David Demchuk is a Canadian playwright and novelist,[1] who received a longlisted Scotiabank Giller Prize nomination in 2017 for his debut novel The Bone Mother.[2]
Born in Winnipeg, Manitoba,[2] of Ukrainian descent,[3] he moved to Toronto, Ontario in 1984.
His plays have included Rosalie Sings Alone (1985),[4] If Betty Should Rise (1985),[5] Touch (1986),[6] The World We Live On Turns So That the Sun Appears to Rise (1987),[1] Stay (1990), Mattachine (1991),[7] Thieves in the Night (1992)[8] and The Power of Invention.[9] He received a special Dora Mavor Moore Award in 1986 for Touch.[10] In 1992, Touch was included in Making Out, the first anthology of Canadian plays by gay writers, alongside works by Ken Garnhum, Sky Gilbert, Daniel MacIvor, Harry Rintoul and Colin Thomas.[11]
After the mid-1990s, Demchuk stopped writing new plays, concentrating on his work at the Canadian Broadcasting Corporation and on writing scripts for radio, film and television.[12] In 1999, he wrote the radio drama Alice in Cyberspace, a contemporary reworking of Alice in Wonderland which aired for ten episodes on CBC Radio's This Morning.[13] His other radio dramas included Alaska, The Island of Dr. Moreau and The Winter Market.
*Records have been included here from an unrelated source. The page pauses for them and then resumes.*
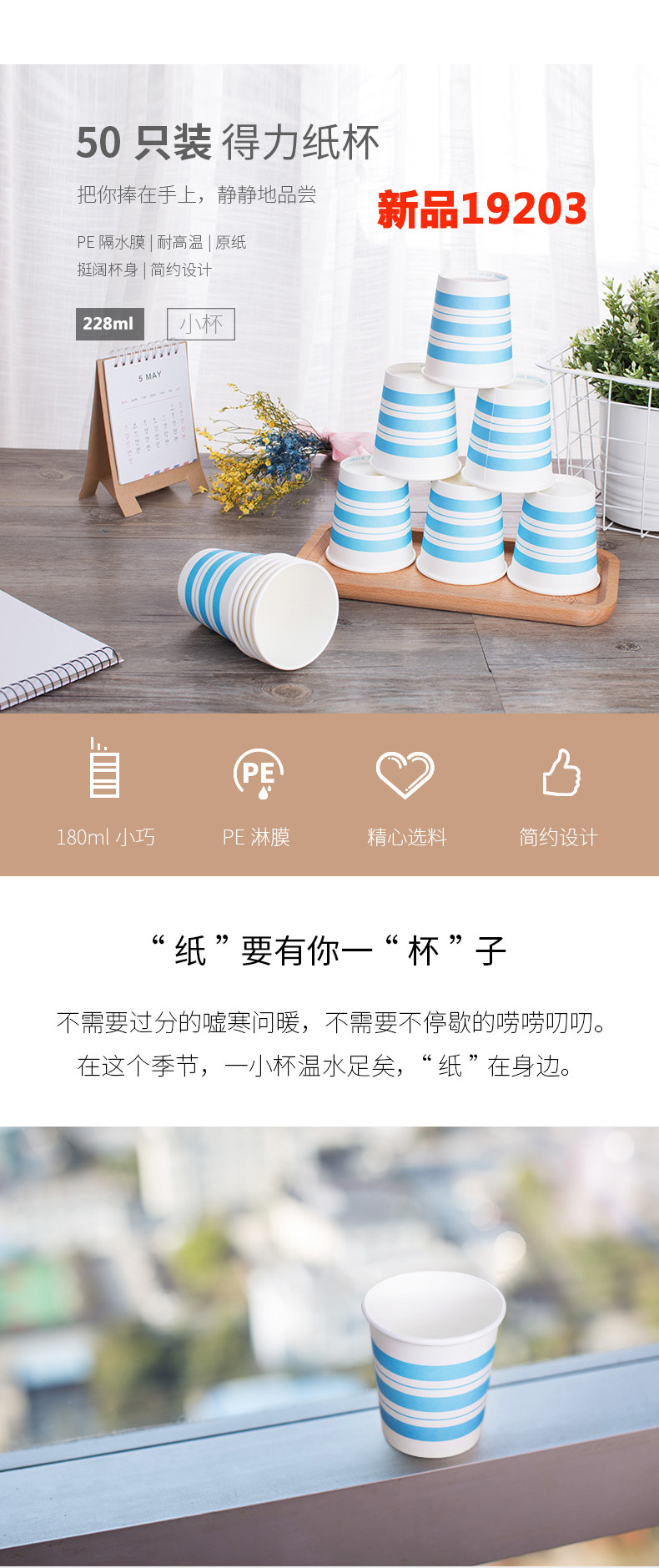 商品名称:得力(deli) 19203 一次性纸杯 不易漏水清洁无味 228ml/50只装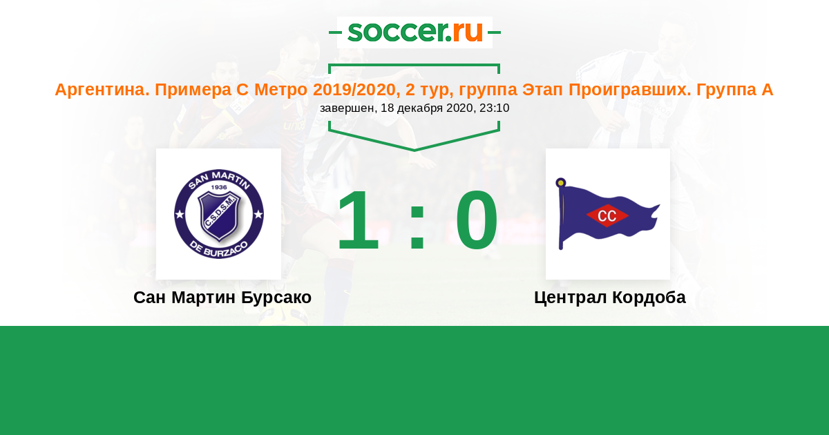 Аргентина. Примера С Метро 19.10.2019 Централ Кордоба Логотип футбольный клуб Централ Кордоба 3:0 Логотип футбольный клуб Сан Мартин Бурсако Сан Мартин Бурсако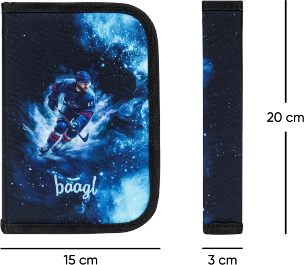 Det komplette skolesæt BAAGL Zippy Hockey til de første klassetrin inkluderer en ergonomisk skoletaske, et rummeligt penalhus og en praktisk pose. Det tilbyder justerbart bæresystem, sikkerhedsreflekser, pålidelige YKK-lynlåse og robuste vandafvisende materialer med hockeymotiv, som gør hver skoledag lettere for børnene.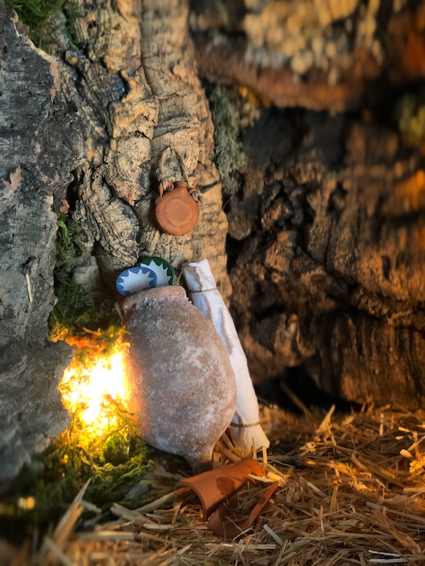 Ha sido un reto recrear en el salón de casa una gruta, resolver un espacio relativamente pequeño para figuras de 21 cm, con un espejo de fondo que invita al espectador que lo contempla a formar parte de la composición.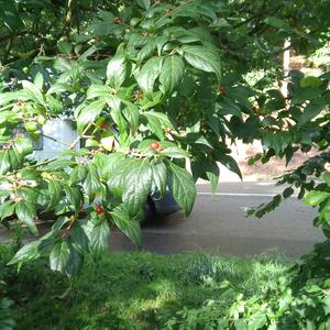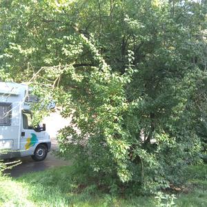 Es handelt sich um einen verzweigten Baum mit einer groben Rinde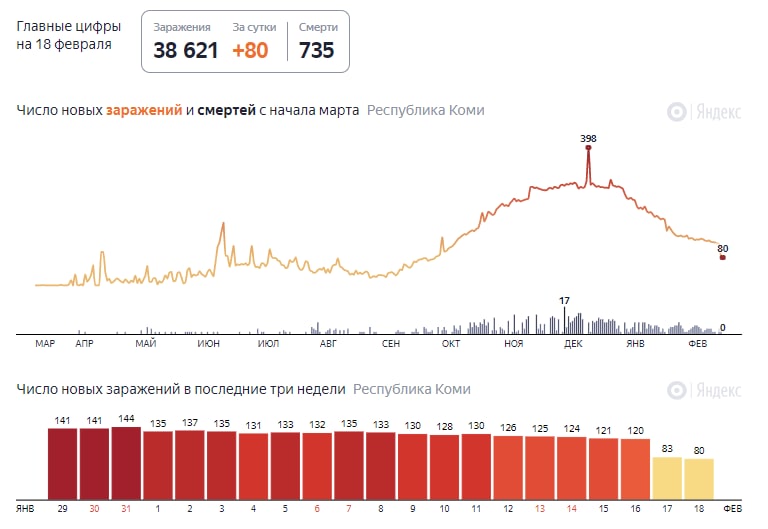 По состоянию на 17 февраля в Коми поступило 26 042 дозы «ГАМ-КОВИД-ВАК», а также 500 доз вакцины «ЭпиВакКорона». Прививку можно сделать в 21 медицинской организации (там есть необходимое морозильное оборудование, термоконтейнеры, термоиндикаторы). К проведению прививочной кампании подготовлены ещё 2 медорганизации - вакцину они уже получили. Организованы 109 прививочных бригад.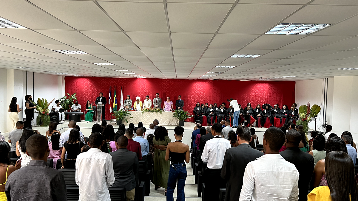 Vinte e três concluintes do curso de Licenciatura em Pedagogia, do município de Castro Alves, participaram da cerimônia de colação de grau, na noite do dia 24, no auditório da Biblioteca da Universidade Federal do Recôncavo da Bahia (UFRB), Campus Cruz das Almas. As professoras licenciadas fizeram parte da turma do Plano Nacional de Formação de Professores (Parfor), vinculada ao Centro de Formação de Professores (CFP), da UFRB. A Turma 2018 do Parfor teve aulas ministradas por professores do CFP, em escola publica, no próprio município de Castro Alves, pela primeira vez.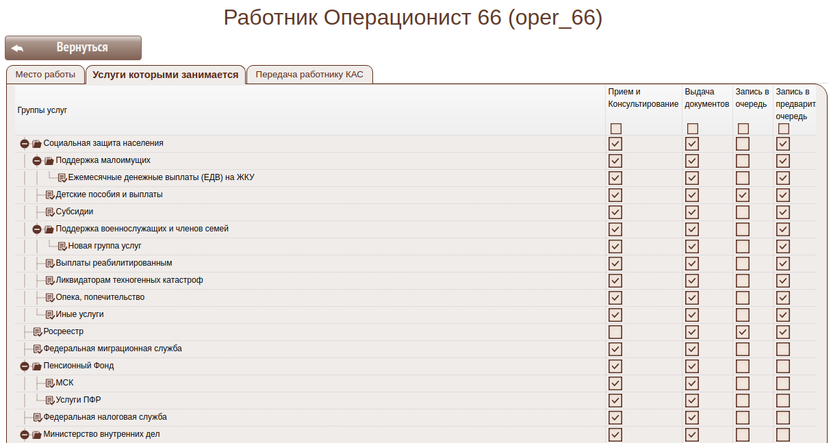 Запись в очередь - должны быть отмечены группы услуг, на которые данный пользователь имеет право записывать заявителей в текущую очередь;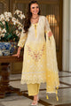 Lavender, yellow and white embroidered kurta with trousers and dupatta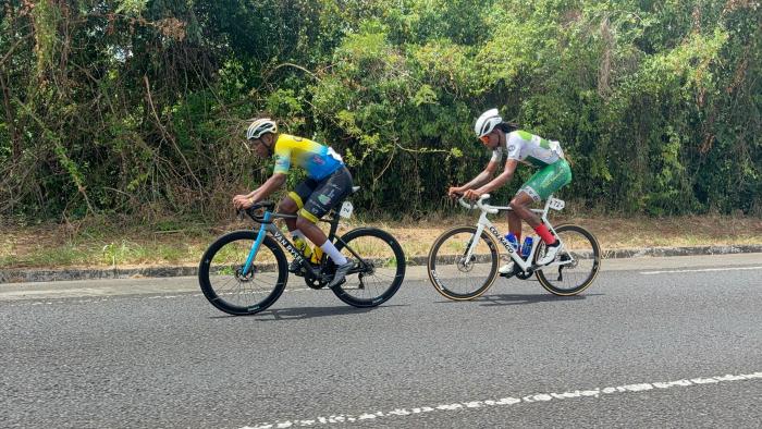 Pruner (TAG Cycling Racing) et Ojeda Solano (CCV) ont attaqué à Morne-Vert. Ils ont une grosse vingtaine de secondes d'avance sur le peloton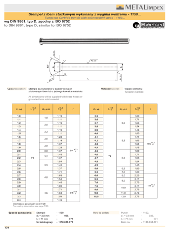 Stempel z łbem stożkowym wykonany z węglika wolframu - 1150... Tungsten Carbide punch with countersunk head - 1150... wg DIN 9861, typ D, zgodny z ISO 6752 to DIN 9861, type D, similar to ISO 6752 Opis/Description: Materiał/Material: Stemple są wykonane w dwóch wersjach z lutowanym łbem lub z jednego kawałka materiału. Węglik wolframu Tungsten Carbide All dimensions will be supplied with braze heads or grounded from solid material. d1 h6 +0,5 0 l1 1,0 ±0,05 1,8 1,1 1,2 2,0 1,3 1,4 2,2 1,5 1,6 2,5 1,7 1,8 2,8 1,9 2,0 3,0 2,1 2,2 d2 71 3,2 2,3 2,4 +0,2 0 h r d1 h6 1,19 3,5 1,11 3,6 1,19 3,7 +0,5 0 l1 d2 ±0,1 +0,2 0 h 1,80 1,71 5,0 1,63 1,11 3,8 1,54 1,19 3,9 1,45 1,11 4,0 1,80 1,28 4,1 1,19 4,2 1,37 4,3 1,54 4,4 1,45 4,5 1,80 1,28 1,37 0,4 +0,3 0 1,45 4,6 1,37 4,7 1,54 4,8 1,71 5,5 71 1,63 4,9 5,0 6,5 1,80 2,6 1,71 5,5 7,0 1,80 2,7 1,63 6,0 8,0 2,23 1,54 6,5 2,9 1,45 7,0 3,0 1,80 7,5 3,1 3,2 1,71 4,5 1,63 3,3 1,54 3,4 1,45 +0,4 0 0,6 8,0 1,0 +0,5 0 1,54 1,37 4,0 +0,4 0 1,63 1,45 2,8 0,6 1,71 6,0 2,5 3,5 r 1,45 9,0 10,0 3,17 2,73 3,17 2,73 9,0 11,0 2,73 10,0 12,0 2,73 How to order: Punch d1 = 3,8 mm l1 = 71 mm Item no. Informacje o powłokach na str F/28 For coating information see page F/28 Sposób zamawiania: E/8 Stempel d1 = 3,8 mm l1 = 71 mm Nr katalogowy - 1150. 038. 071 - 1150.038.071 - 1150. 038. 071 - 1150.038.071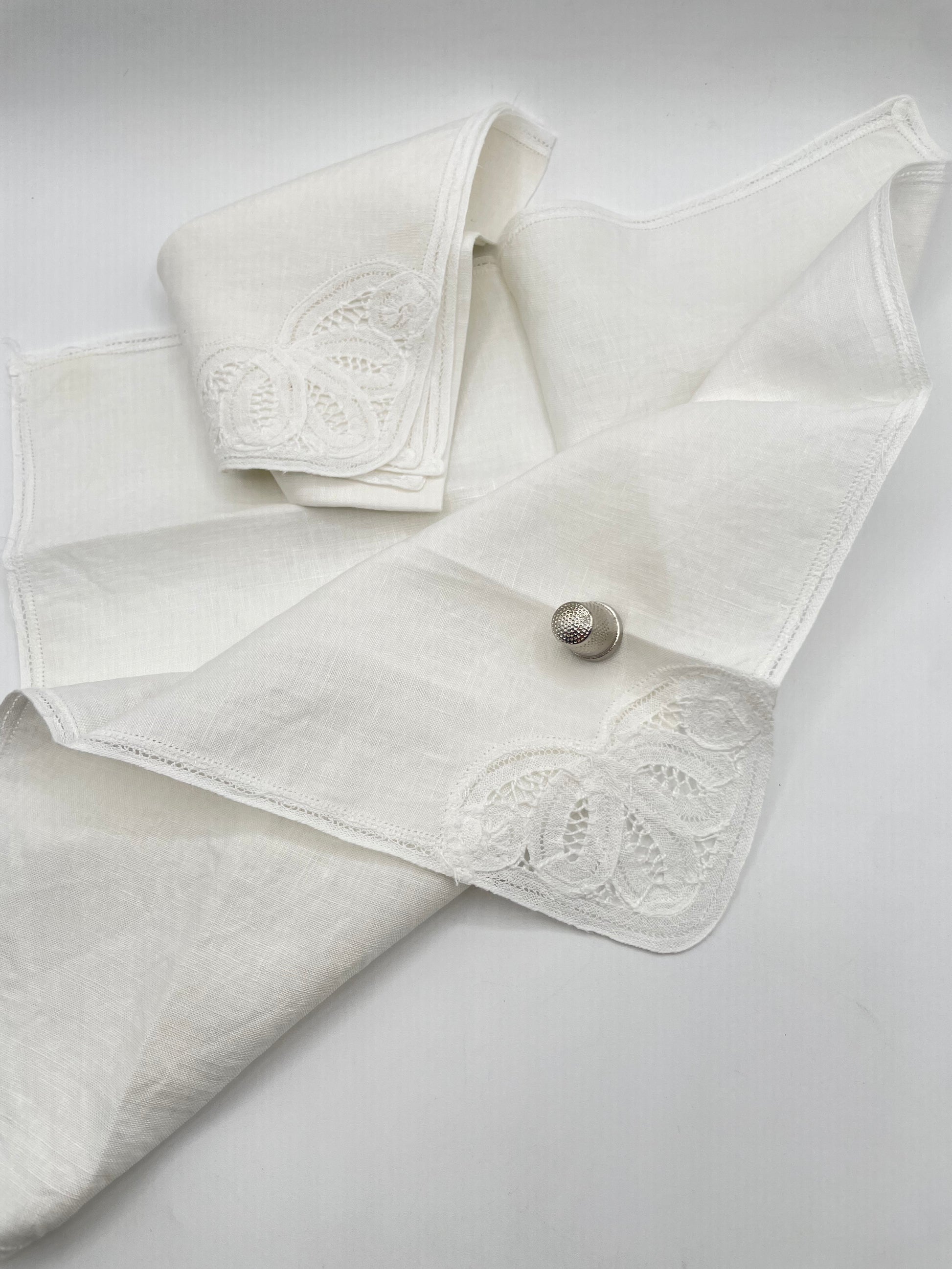 2 Servilletas de lino antiguo inciales grabadas de 37x37 cm. Utilizando la técnica de bordado de encaje Battenberg.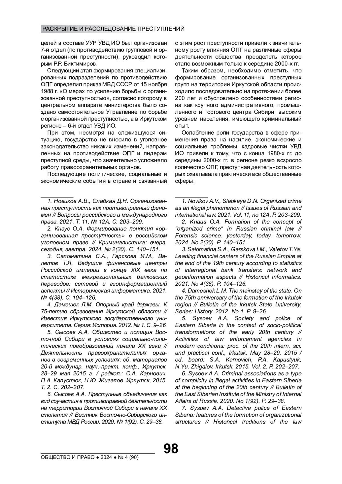 Статья: ФОРМИРОВАНИЕ ОРГАНИЗОВАННОЙ ПРЕСТУПНОСТИ В ИРКУТСКОЙ ОБЛАСТИ (2024)

In June 2012, he became a contributing writer for the online magazine Torontoist.[14]
The Bone Mother was published in 2017 by ChiZine Publications.[15] It was the first horror-themed novel ever to receive a nomination for the Giller, an award more commonly associated with conventional literary fiction rather than genre fiction.[16] The book was a shortlisted finalist for the 2018 amazon.ca First Novel Award.[17] His new novel, RED X, published by Strange Light, an imprint of Penguin Random House, was released on August 31, 2021.[18]